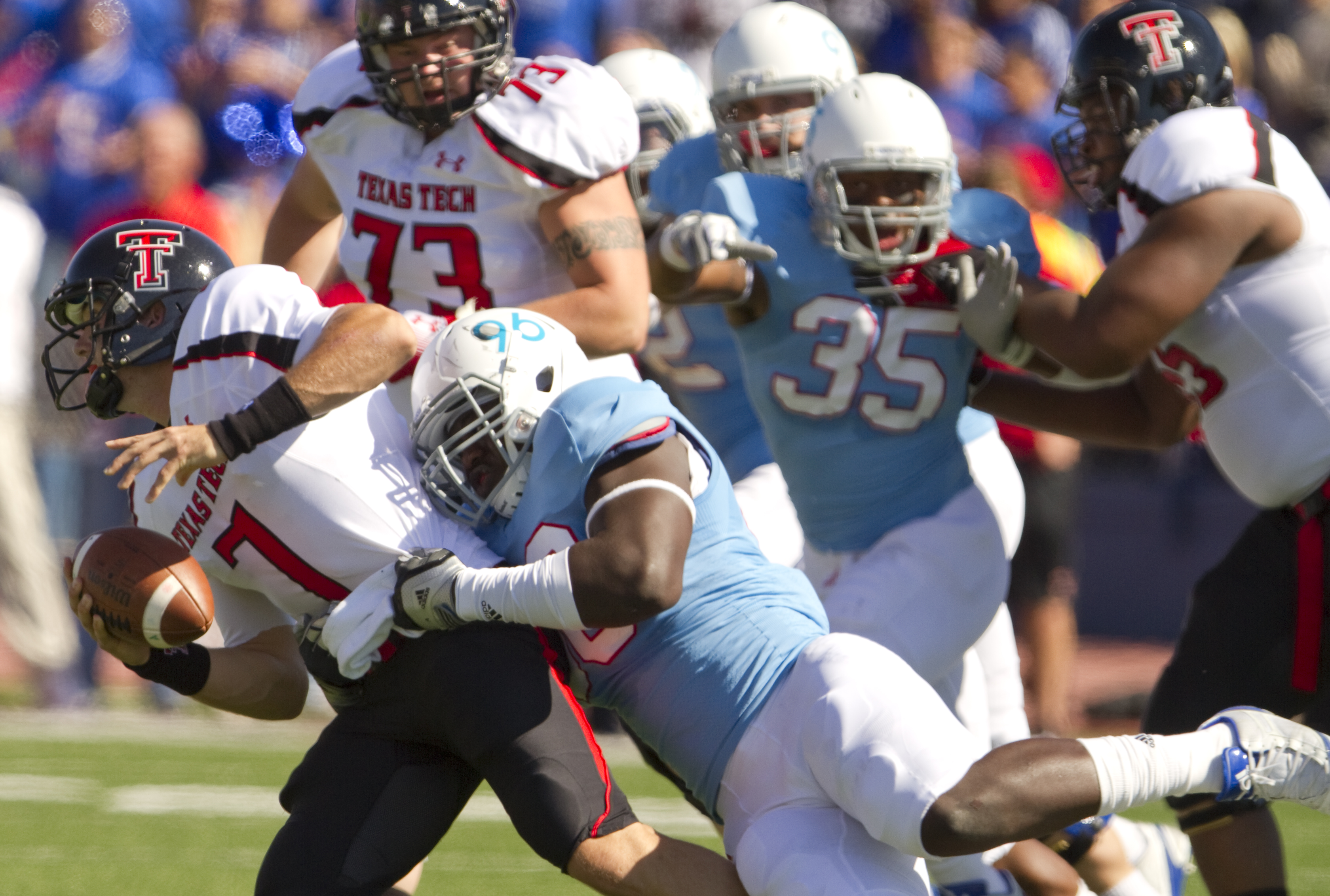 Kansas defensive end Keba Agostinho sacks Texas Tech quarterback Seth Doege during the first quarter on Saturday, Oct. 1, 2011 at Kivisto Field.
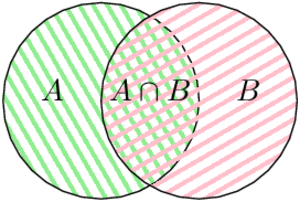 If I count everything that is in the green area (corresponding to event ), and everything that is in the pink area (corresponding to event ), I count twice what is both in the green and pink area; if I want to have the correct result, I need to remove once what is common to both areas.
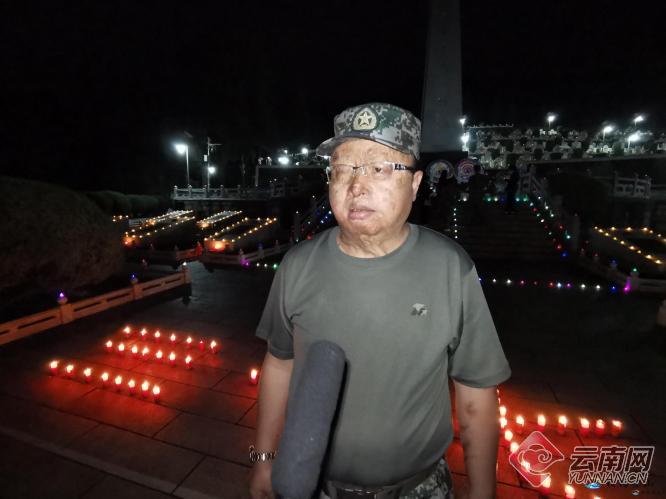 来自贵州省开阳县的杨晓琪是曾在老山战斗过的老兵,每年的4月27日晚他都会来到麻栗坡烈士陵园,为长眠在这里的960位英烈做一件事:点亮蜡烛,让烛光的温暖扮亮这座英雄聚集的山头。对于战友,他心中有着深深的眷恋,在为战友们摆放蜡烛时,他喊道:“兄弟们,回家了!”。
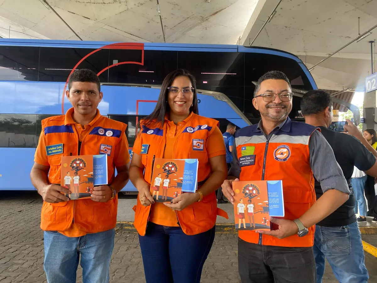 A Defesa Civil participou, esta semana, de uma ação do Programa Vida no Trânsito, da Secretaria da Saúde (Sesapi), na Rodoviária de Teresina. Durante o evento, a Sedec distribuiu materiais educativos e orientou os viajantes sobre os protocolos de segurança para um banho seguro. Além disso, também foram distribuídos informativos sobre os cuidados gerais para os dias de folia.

...

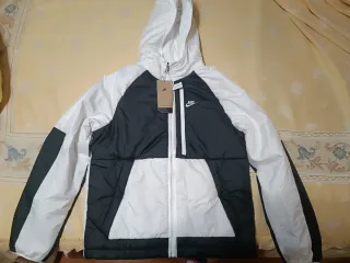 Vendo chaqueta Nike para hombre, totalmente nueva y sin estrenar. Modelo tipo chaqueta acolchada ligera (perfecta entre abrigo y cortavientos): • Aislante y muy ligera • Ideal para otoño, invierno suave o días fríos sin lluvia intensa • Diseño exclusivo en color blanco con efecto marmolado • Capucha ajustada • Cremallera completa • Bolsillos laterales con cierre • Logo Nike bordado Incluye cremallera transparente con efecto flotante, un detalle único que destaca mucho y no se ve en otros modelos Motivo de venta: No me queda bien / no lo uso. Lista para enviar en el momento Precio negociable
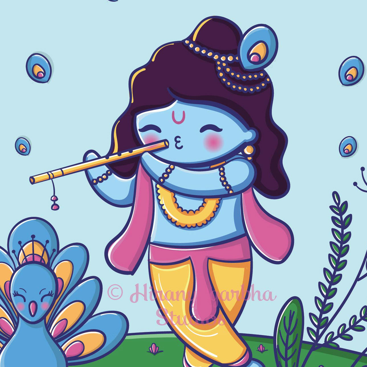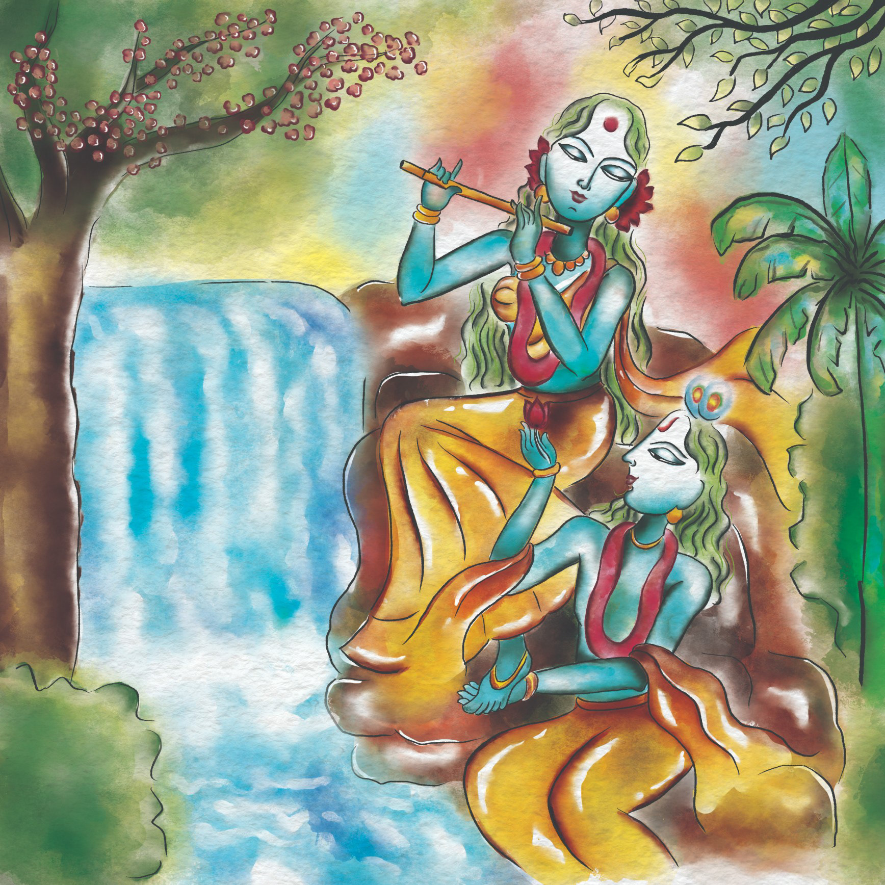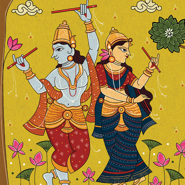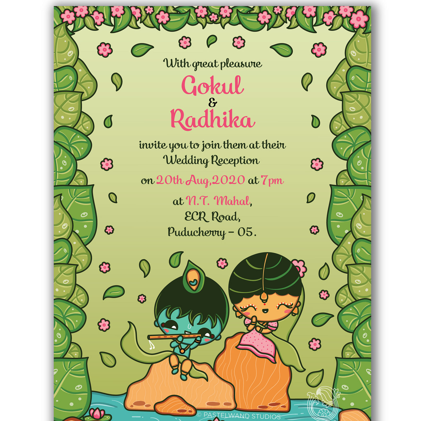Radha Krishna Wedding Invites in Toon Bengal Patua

▶ What the task asks:
Look above for the line with "Kansas defensive end", then print it and each line after it down to and including the line with "A Defesa Civil". Leave out the pictures and keep the wording exact.

▶ Output:
 Kansas defensive end Keba Agostinho sacks Texas Tech quarterback Seth Doege during the first quarter on Saturday, Oct. 1, 2011 at Kivisto Field.
 If I count everything that is in the green area (corresponding to event ), and everything that is in the pink area (corresponding to event ), I count twice what is both in the green and pink area; if I want to have the correct result, I need to remove once what is common to both areas.
 来自贵州省开阳县的杨晓琪是曾在老山战斗过的老兵,每年的4月27日晚他都会来到麻栗坡烈士陵园,为长眠在这里的960位英烈做一件事:点亮蜡烛,让烛光的温暖扮亮这座英雄聚集的山头。对于战友,他心中有着深深的眷恋,在为战友们摆放蜡烛时,他喊道:“兄弟们,回家了!”。
 A Defesa Civil participou, esta semana, de uma ação do Programa Vida no Trânsito, da Secretaria da Saúde (Sesapi), na Rodoviária de Teresina. Durante o evento, a Sedec distribuiu materiais educativos e orientou os viajantes sobre os protocolos de segurança para um banho seguro. Além disso, também foram distribuídos informativos sobre os cuidados gerais para os dias de folia.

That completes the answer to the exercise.